= Join-calculus =

The join-calculus is a process calculus developed at INRIA. The join-calculus was developed to provide a formal basis for the design of distributed programming languages, and therefore intentionally avoids communication constructs found in other process calculi, such as rendezvous communications, which are difficult to implement in a distributed setting. Despite this limitation, the join-calculus is as expressive as the full π-calculus. Encodings of the π-calculus in the join-calculus, and vice versa, have been demonstrated.

The join-calculus is a member of the π-calculus family of process calculi, and can be considered, at its core, an asynchronous π-calculus with several strong restrictions:
- Scope restriction, reception, and replicated reception are syntactically merged into a single construct, the definition;
- Communication occurs only on defined names;
- For every defined name there is exactly one replicated reception.
However, as a language for programming, the join-calculus offers at least one convenience over the π-calculus — namely the use of multi-way join patterns, the ability to match against messages from multiple channels simultaneously.

==Implementations==
===Languages based on the join-calculus===

The join-calculus programming language is a new language based on the join-calculus process calculus. It is implemented as an interpreter written in OCaml, and supports statically typed distributed programming, transparent remote communication, agent-based mobility, and some failure-detection.
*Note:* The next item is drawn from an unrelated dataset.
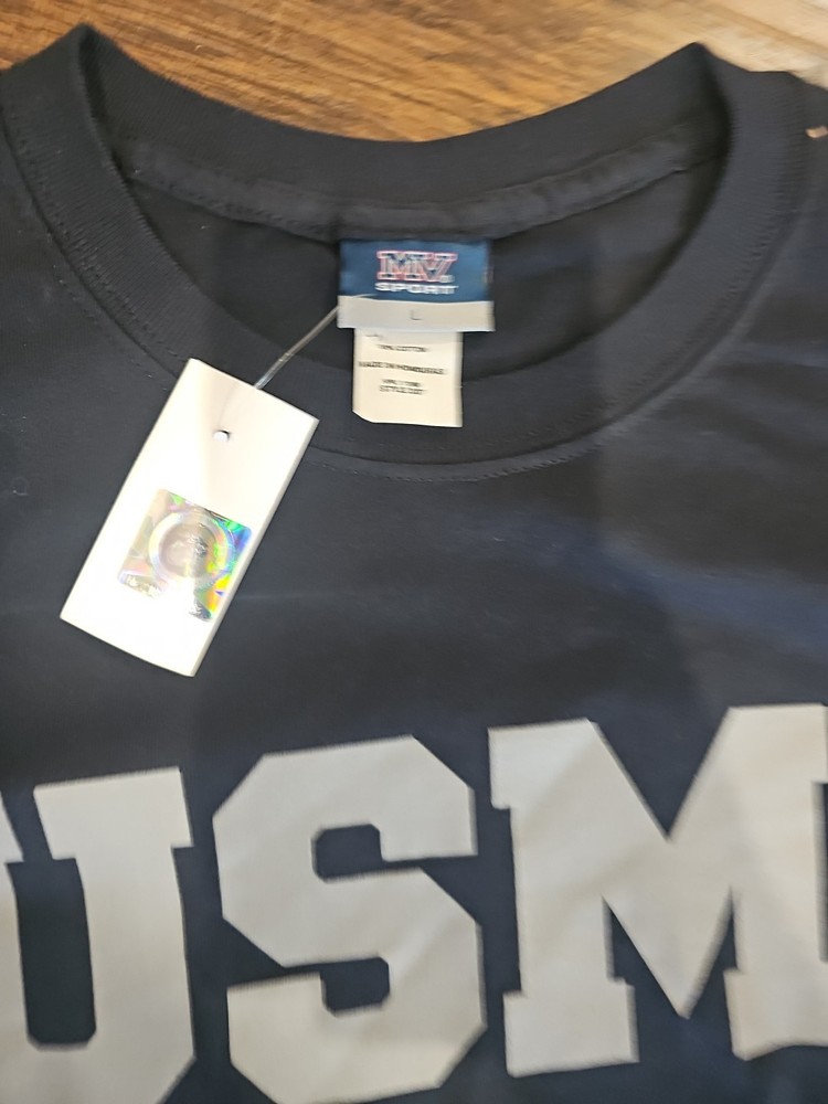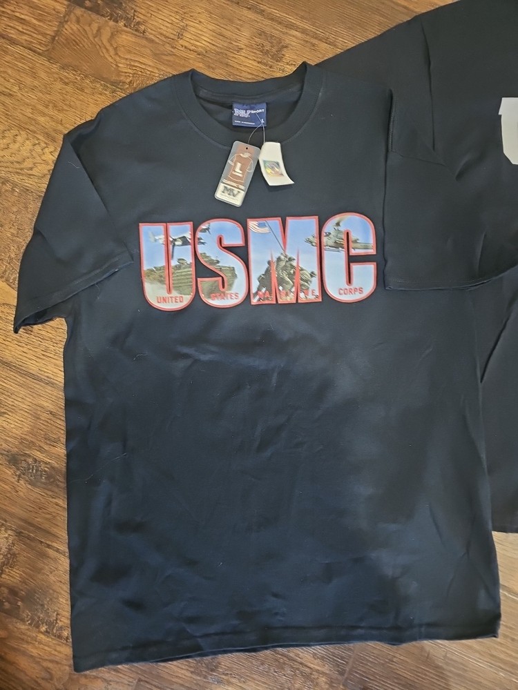 This lot of 2 USMC MV Sport T-shirts in size Large feature a black color with a graphic print design showcasing the Marine Corps Marine emblem. Made of cotton material, these short sleeve shirts have a crew neckline and a regular fit, suitable for all seasons including winter, summer, fall, and spring. Perfect for men looking to represent the Marine Corps with a stylish and comfortable T-shirt from a trusted brand like MV Sport. Machine washable for easy care, these shirts are a must-have addition to any man's wardrobe.

- Though not explicitly based on join-calculus, the rule system of CLIPS implements it if every rule deletes its inputs when triggered (retracts the relevant facts when fired).
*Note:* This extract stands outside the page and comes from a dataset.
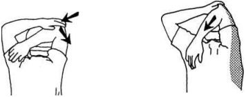 Указательным и большим пальцами одной руки возьмитесь за один из пальцев другой руки. Вращайте каждый палец поочередно по 5 раз по часовой и против часовой стрелки.

Many implementations of the join-calculus were made as extensions of existing programming languages:

- JoCaml is a version of OCaml extended with join-calculus primitives
- Polyphonic C# and its successor Cω extend C#
- MC# and Parallel C# extend Polyphonic C#
- Join Java extends Java
- A Concurrent Basic proposal that uses Join-calculus
- JErlang (the J is for Join, Erjang is Erlang for the JVM)

===Embeddings in other programming languages===

These implementations do not change the underlying programming language but introduce join calculus operations through a custom library or DSL:

- The ScalaJoins and the Chymyst libraries are in Scala
- JoinHs by Einar Karttunen and syallop/Join-Language by Samuel Yallop are DSLs for Join calculus in Haskell
- Joinads - various implementations of join calculus in F#
- CocoaJoin is an experimental implementation in Objective-C for iOS and Mac OS X
- The Join Python library in Python 3
- C++ via Boost (for boost from 2009, ca. v. 40, current (Dec '19) is 72).